6. Google Ad Manager adds Responsive Search Ads
As a business that’s investing in pay-per-click (PPC) advertising, you want to maximize the success of your advertisements — and Google does too. That’s why Google Ad Manager introduces Responsive Search Ads, which build on Google’s passion for machine learning. With Responsive Search Ads, you can combine your knowledge, like information on your target audience, with Google’s machine learning.
The goal? To create relevant ads that resonate with your ideal consumers, leading to a click and visit to your website. All that is required is 15 headlines and four description lines, and then Google will do the rest.
After that, Google learns which ads perform best for a given search query and serves up an appropriate ad. This feature of Google Ad Manager allows your company to lower its cost-per-click (CPC), plus increase your click-through-rate (CTR). It’s a win for everyone involved, from businesses to consumers.
Even better, compared to standard ads, Responsive Search Ads earn up to 15 percent more clicks.
7. Google Ad Manager introduces Smart Bidding technology
With more than one billion users — which is equivalent to almost one-third of the Internet — YouTube is an extremely popular platform. In fact, a lot of consumers use YouTube as a reference point when considering a purchase. This fact makes it worthwhile to not only advertise on YouTube, as video can improve conversion rates by more than 85 percent, but to also ensure that your video ads show at the right time and for the right audience.
To make sure that happens, Google’s introduced Smart Bidding, a feature powered by machine learning. This technology serves up ads at the right time. It can also help serve ads to people who are most likely to consider your brand after seeing a video ad.
Smart Bidding automatically adjusts bids to maximize the impact of your video ad, too.
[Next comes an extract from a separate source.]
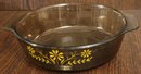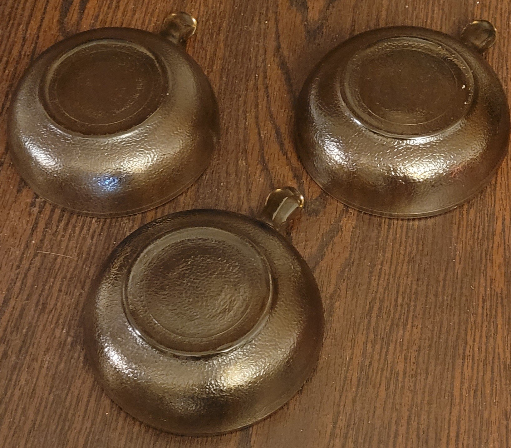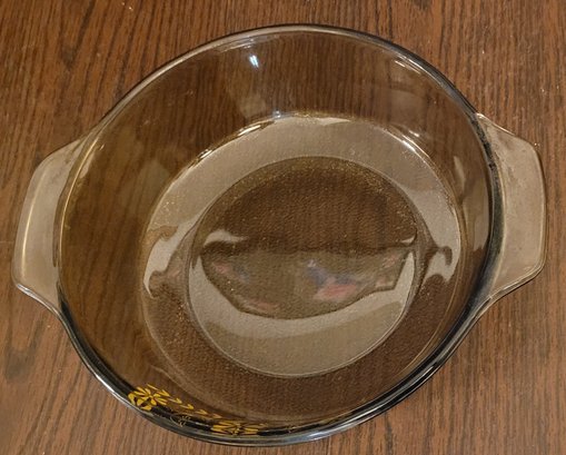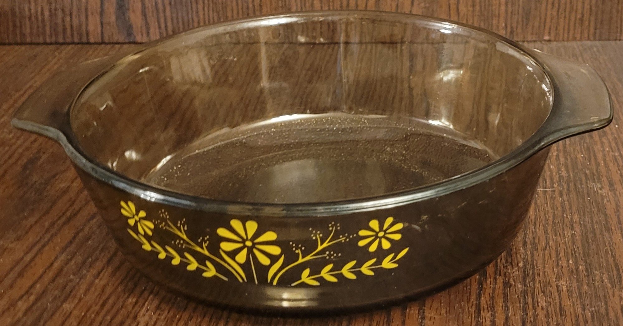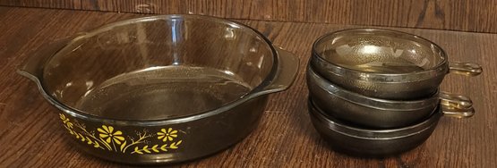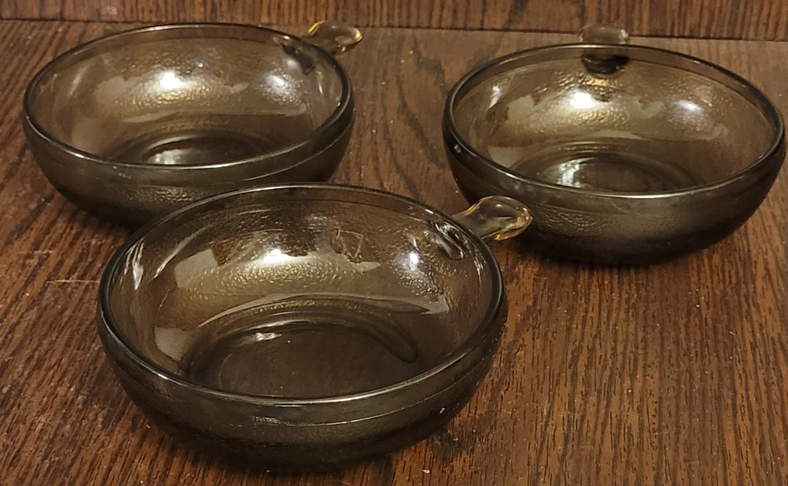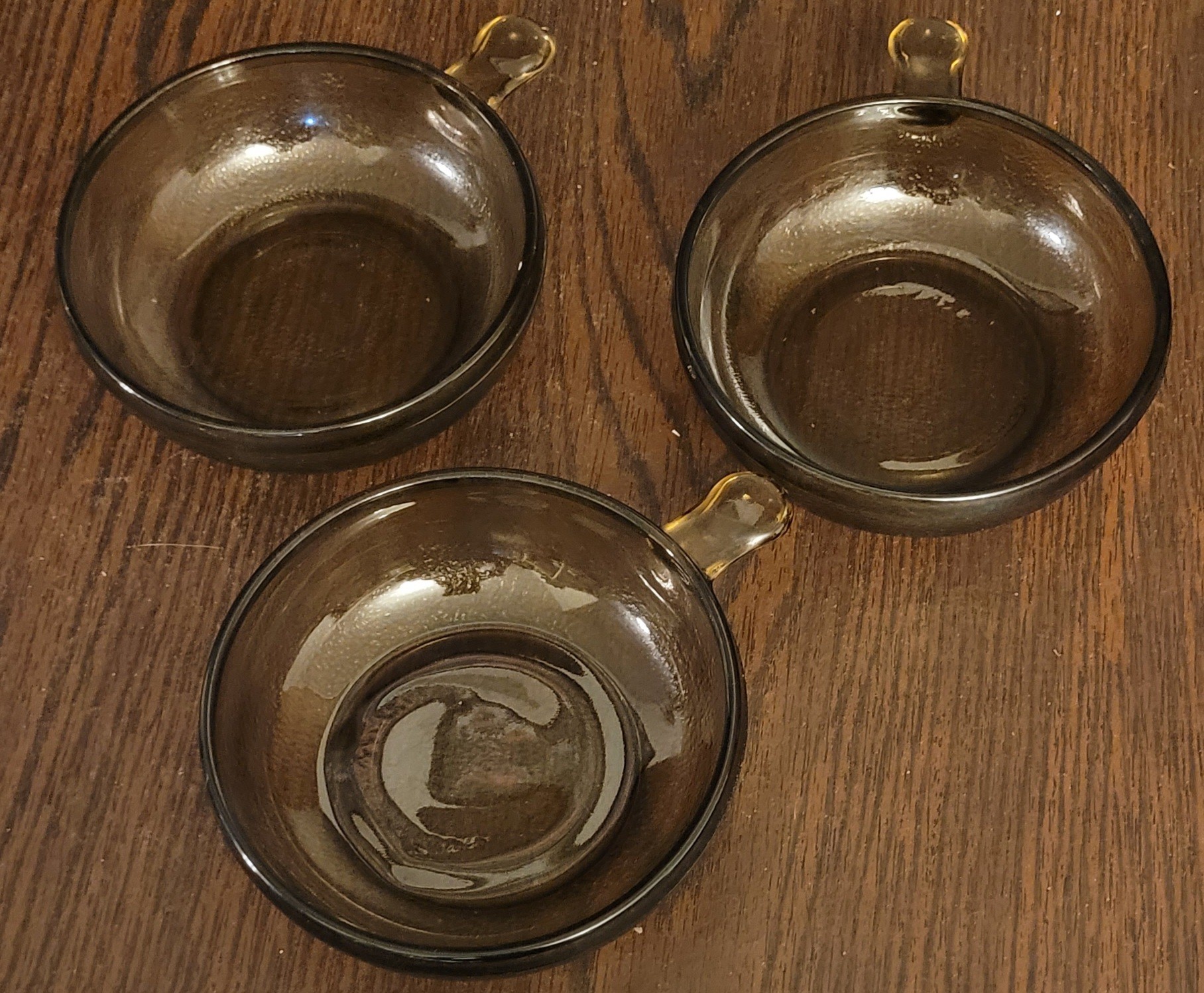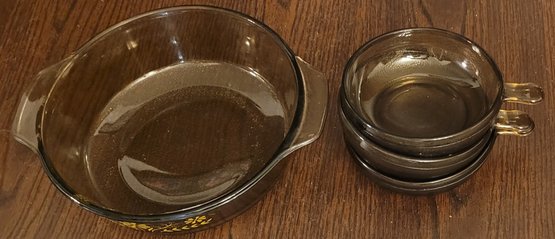 These are a smokey brown color. The bowls measure 1.75" tall by 5" in diameter and the casserole measures 2.5" tall by 8.5" in diameter. See pictures for details.

8. Google Ad Manager launches local campaigns
No matter if people research a product on Google or YouTube, they still make many of their purchases in physical locations. Google even states that searches including the search term, “near me,” increased by more than 500 percent in the past two years. Even better, local search offers a high conversion rate of 80 percent.
That’s because when users do a local search, they’re often in the area — or planning to travel to the area. Their intentions may vary, from needing a product to wanting an outing, but the result is the same. They’re looking to make a purchase.
So, driving traffic to your physical location can boost your revenue. With Google Ad Manager’s local campaigns feature, it offers a new campaign type specifically designed to drive store visits. All it requires is some basic information like business locations and ad creativity.
From there, Google will optimize your ads to bring in more customers to your store.